A plurality of first recessed portions 411b may be formed on the front surface of the first front plate 411, and as the plurality of first recessed portions 411b come into contact with the first rear plate 412, a first space S1 containing the first fluid FL1 may be formed between the first front plate 411 and the first rear plate 412. In addition, the first rear plate 412 may include a first heat absorbing portion 414 that protrudes in a rearward direction from the first rear plate 412 and contacts the first heating element H1.

In this case, the plurality of first recessed portions 411b may include a first-first recessed portion 411b-1 having a circular cross section and a first-second recessed portion 411b-2 having an elliptical or rectangular cross section. For example, the first-second recessed portion 411b-2 may be located above the first-first recessed portion 411b-1. For example, the first-second recessed portion 411b-2 may be formed to be long in the up-down direction. Meanwhile, the plurality of first recessed portions 411b may further include recessed portions of various shapes, in addition to the recessed portions having a circular, elliptical, or rectangular cross-section. Accordingly, the flow path of the first space S1 or the first fluid FL1 is adjusted in correspondence with the shape of the first vapor chamber 410, so that the above-described processes of evaporation and condensation of the first fluid FL1 can be more smoothly performed.

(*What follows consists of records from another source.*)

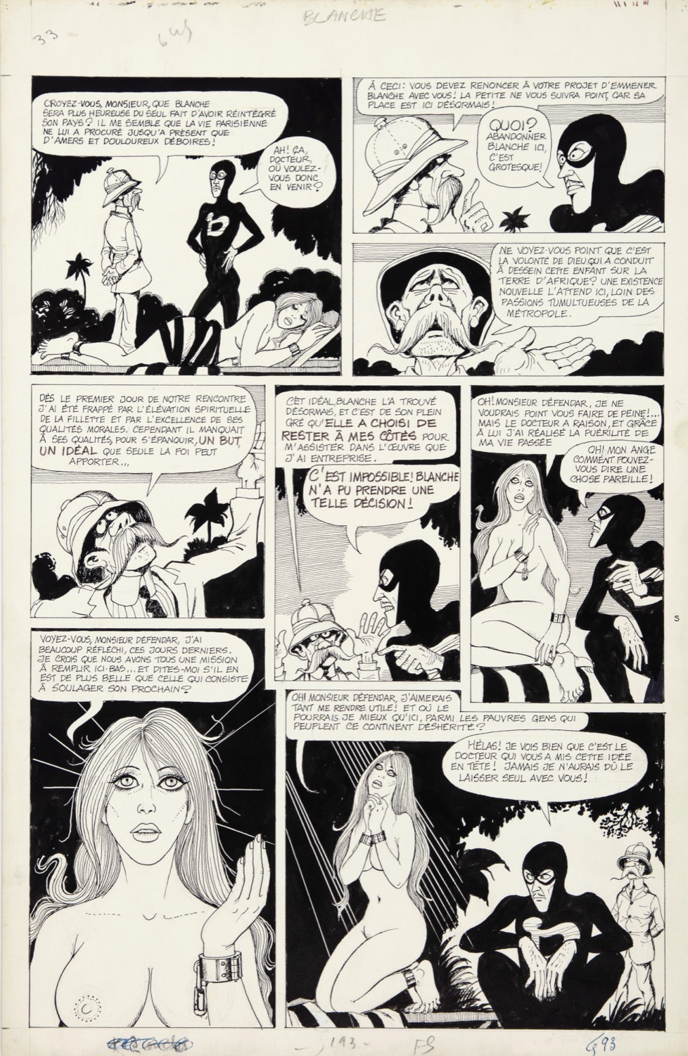 Tavola originale realizzata da Pichard per "Blanche Épiphanie", pubblicata a pag. 33 del secondo capitolo della saga omonima da Les Éditions du Fromage nel 1976. Creata da Pichard e Lob tra il 1972 e il 1987, le tribolazioni di Blanche Épiphanie sono tra le avventure più incredibili nel pantheon dei fumetti per adulti. La giovane e formosa Blanche viaggia per il mondo suo malgrado, cercando di proteggere la sua virtù. Tormentata dal perfido banchiere Adolfo e da una miriade di altri cattivi, invidiata da Morena, salvata dal ciclista Défendar, eroe mascherato e incappucciato ma di una goffaggine smisurata, la ritroviamo tra Africa e America nella Belle Époque.
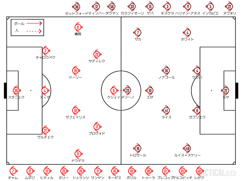 クロス対応という点では抑えるポイントはアーセナルの右サイドの絞り。WBに背中を取られて出し抜かれるという形には警戒が必要である。ポゼッションの要素が増えてくる場合は、アンカー役の19番のドーリーがリズムを司るので、ここのマークが必要。メリーノ、エゼ、ヌワネリあたりはまずはこのポイントをどう抑えるかを整理して望みたいところだろう。
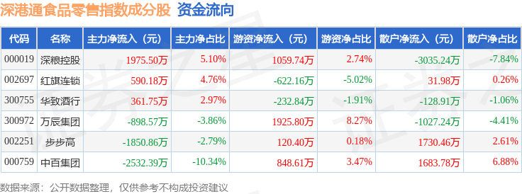 资金流向方面,深港通食品零售(983037)指数成份股当日主力资金净流出合计2354.39万元,游资资金净流入合计3099.55万元,散户资金净流出合计745.17万元。成份股资金流向详情见下表:
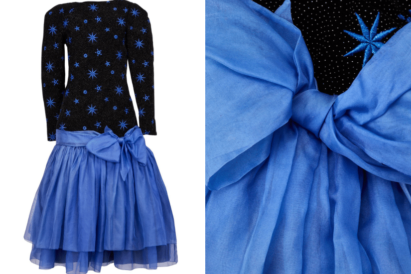 這件芭蕾舞長晚禮服,是由摩洛哥裔英國時裝設計師 Jacques Azagury 為戴安娜王妃於 1985 年 4 月 23 日訪問意大利佛羅倫薩時設計,還附有一幅配套的插圖。晚裝配有帶襯墊的墊肩,黑色天鵝絨緊身胸衣飾有 Jakob Schlaepher 面料製成的金屬線刺繡星星,搭配兩層寶藍色歐根紗半身裙,配有腰帶和蝴蝶結。芭蕾舞裙展現出戴安娜對舞蹈的熱愛,以及她作為英國國家芭蕾舞團贊助人的完美致敬。

A plurality of second recessed portions 421b may be formed on the front surface of the second front plate 421, and as the plurality of second recessed portions 421b come into contact with the second rear plate 422, a second space S2 containing the second fluid FL2 may be formed between the second front plate 421 and the second rear plate 422. In addition, the second rear plate 422 may include a second heat absorbing portion 424 that protrudes in a rearward direction from the second rear plate 422 and contacts the second heating element H2. For example, the center of the second heat absorbing portion 424 may be located lower than the center of the first heat absorbing portion 414 by a certain distance d4.

In this case, the plurality of second recessed portions 421b may include a second-first recessed portion 421b-1 having a circular cross section and a second-second recessed portion 421b-2 having an elliptical or rectangular cross section. For example, the second-second recessed portion 421b-2 may be located above the second-first recessed portion 421b-1. For example, the second-second recessed portion 421b-2 may be formed long in the up-down direction. Meanwhile, the plurality of second recessed portions 421b may further include recessed portions of various shapes, in addition to a recessed portion having a circular, elliptical, or rectangular cross-section. Accordingly, the flow path of the second space S2 or the second fluid FL2 is adjusted in correspondence with the shape of the second vapor chamber 420, so that the above-described processes of evaporation and condensation of the second fluid FL2 can be more smoothly performed.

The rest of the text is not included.